• [WHAT YOU HAVE TO DO]
Output the first line below and each one after it, exactly, up to and including the line holding "延时(毫秒):每一城市的平均Ping延时。". Pictures should not be copied.
*** DATA SECTION ***
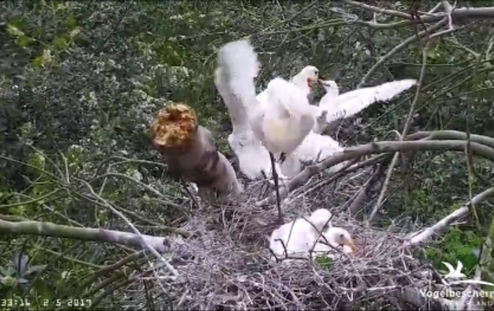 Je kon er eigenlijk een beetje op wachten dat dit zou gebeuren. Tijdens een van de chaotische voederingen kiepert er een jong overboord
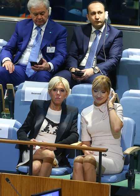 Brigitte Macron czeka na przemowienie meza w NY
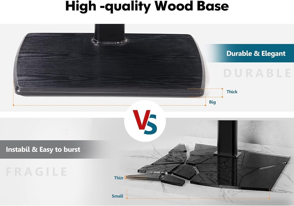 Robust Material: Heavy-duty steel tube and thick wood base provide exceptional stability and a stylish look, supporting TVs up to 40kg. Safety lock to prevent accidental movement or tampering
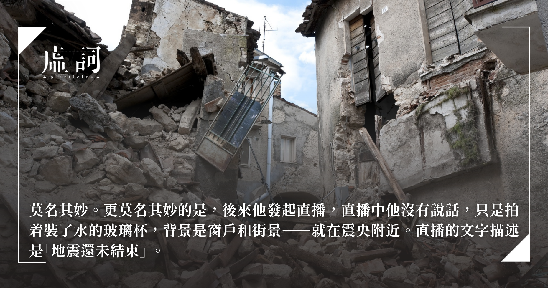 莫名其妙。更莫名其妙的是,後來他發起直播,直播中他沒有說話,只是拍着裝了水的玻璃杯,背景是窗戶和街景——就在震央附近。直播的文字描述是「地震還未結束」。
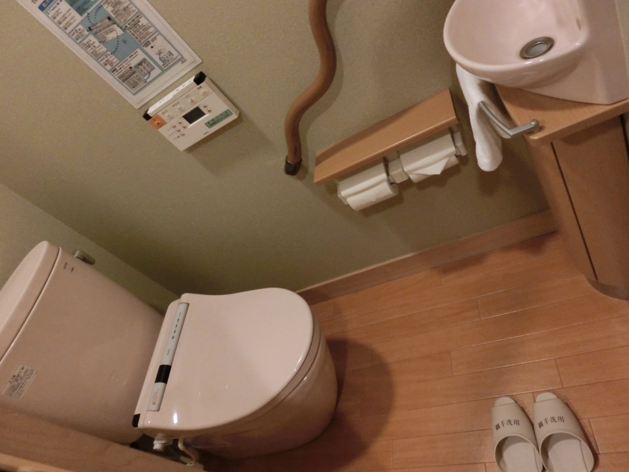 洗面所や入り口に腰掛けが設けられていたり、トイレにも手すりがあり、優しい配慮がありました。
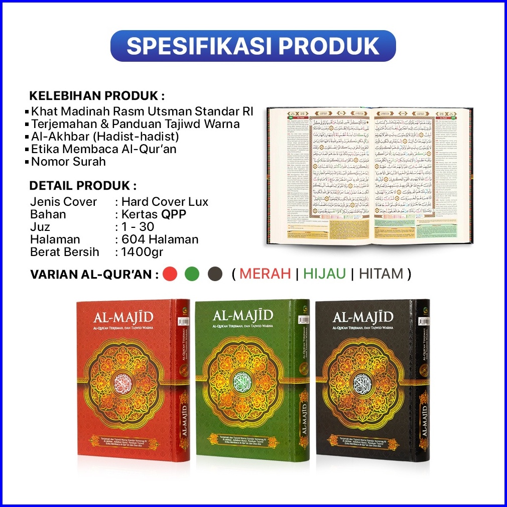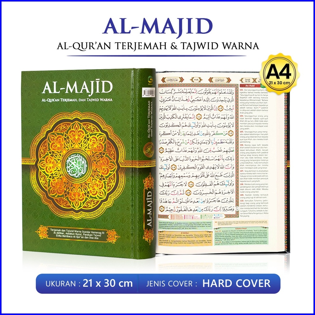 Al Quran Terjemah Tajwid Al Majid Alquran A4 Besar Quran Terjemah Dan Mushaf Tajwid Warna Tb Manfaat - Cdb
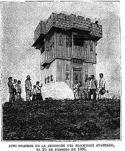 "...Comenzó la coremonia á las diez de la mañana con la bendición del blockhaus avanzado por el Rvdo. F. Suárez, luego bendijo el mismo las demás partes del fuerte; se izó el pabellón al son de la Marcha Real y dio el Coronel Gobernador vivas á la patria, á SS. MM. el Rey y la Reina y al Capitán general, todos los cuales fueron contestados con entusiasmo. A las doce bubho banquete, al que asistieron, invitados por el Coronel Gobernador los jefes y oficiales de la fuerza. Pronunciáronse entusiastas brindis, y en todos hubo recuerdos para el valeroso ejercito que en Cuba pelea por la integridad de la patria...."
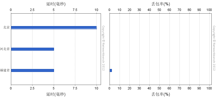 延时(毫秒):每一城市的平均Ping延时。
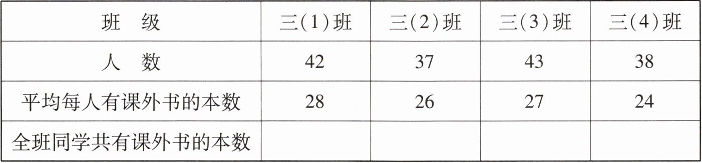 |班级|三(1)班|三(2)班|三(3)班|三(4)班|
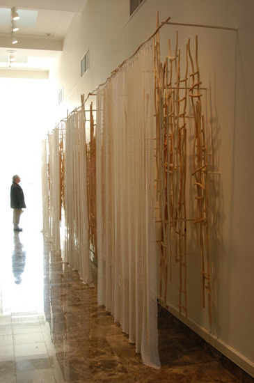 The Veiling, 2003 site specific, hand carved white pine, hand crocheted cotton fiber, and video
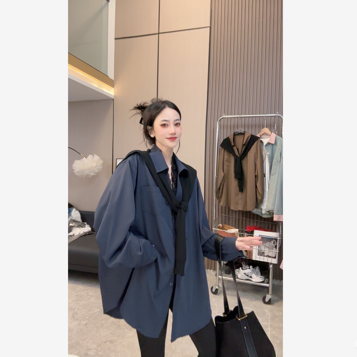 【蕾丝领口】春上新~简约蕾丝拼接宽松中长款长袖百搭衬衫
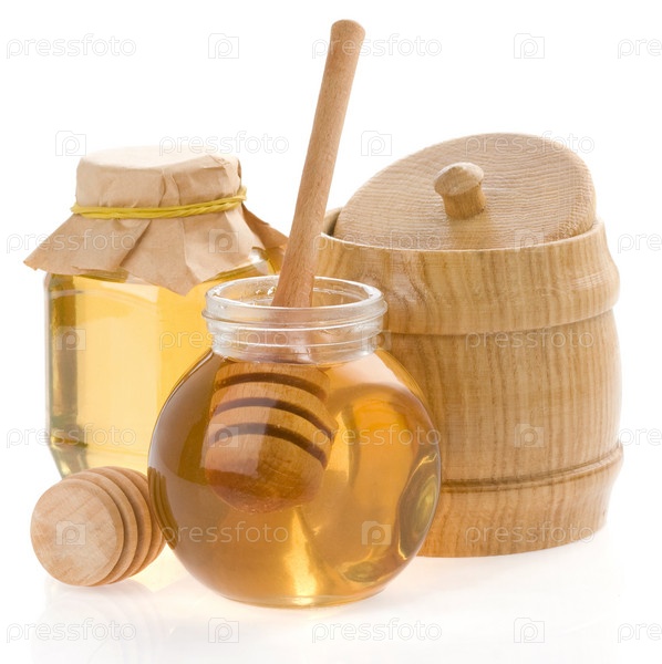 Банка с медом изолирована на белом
*** End of DATA SECTION ***
• [RESULT FOR THIS TASK]
 Je kon er eigenlijk een beetje op wachten dat dit zou gebeuren. Tijdens een van de chaotische voederingen kiepert er een jong overboord
 Brigitte Macron czeka na przemowienie meza w NY
 Robust Material: Heavy-duty steel tube and thick wood base provide exceptional stability and a stylish look, supporting TVs up to 40kg. Safety lock to prevent accidental movement or tampering
 莫名其妙。更莫名其妙的是,後來他發起直播,直播中他沒有說話,只是拍着裝了水的玻璃杯,背景是窗戶和街景——就在震央附近。直播的文字描述是「地震還未結束」。
 洗面所や入り口に腰掛けが設けられていたり、トイレにも手すりがあり、優しい配慮がありました。
 Al Quran Terjemah Tajwid Al Majid Alquran A4 Besar Quran Terjemah Dan Mushaf Tajwid Warna Tb Manfaat - Cdb
 "...Comenzó la coremonia á las diez de la mañana con la bendición del blockhaus avanzado por el Rvdo. F. Suárez, luego bendijo el mismo las demás partes del fuerte; se izó el pabellón al son de la Marcha Real y dio el Coronel Gobernador vivas á la patria, á SS. MM. el Rey y la Reina y al Capitán general, todos los cuales fueron contestados con entusiasmo. A las doce bubho banquete, al que asistieron, invitados por el Coronel Gobernador los jefes y oficiales de la fuerza. Pronunciáronse entusiastas brindis, y en todos hubo recuerdos para el valeroso ejercito que en Cuba pelea por la integridad de la patria...."
 延时(毫秒):每一城市的平均Ping延时。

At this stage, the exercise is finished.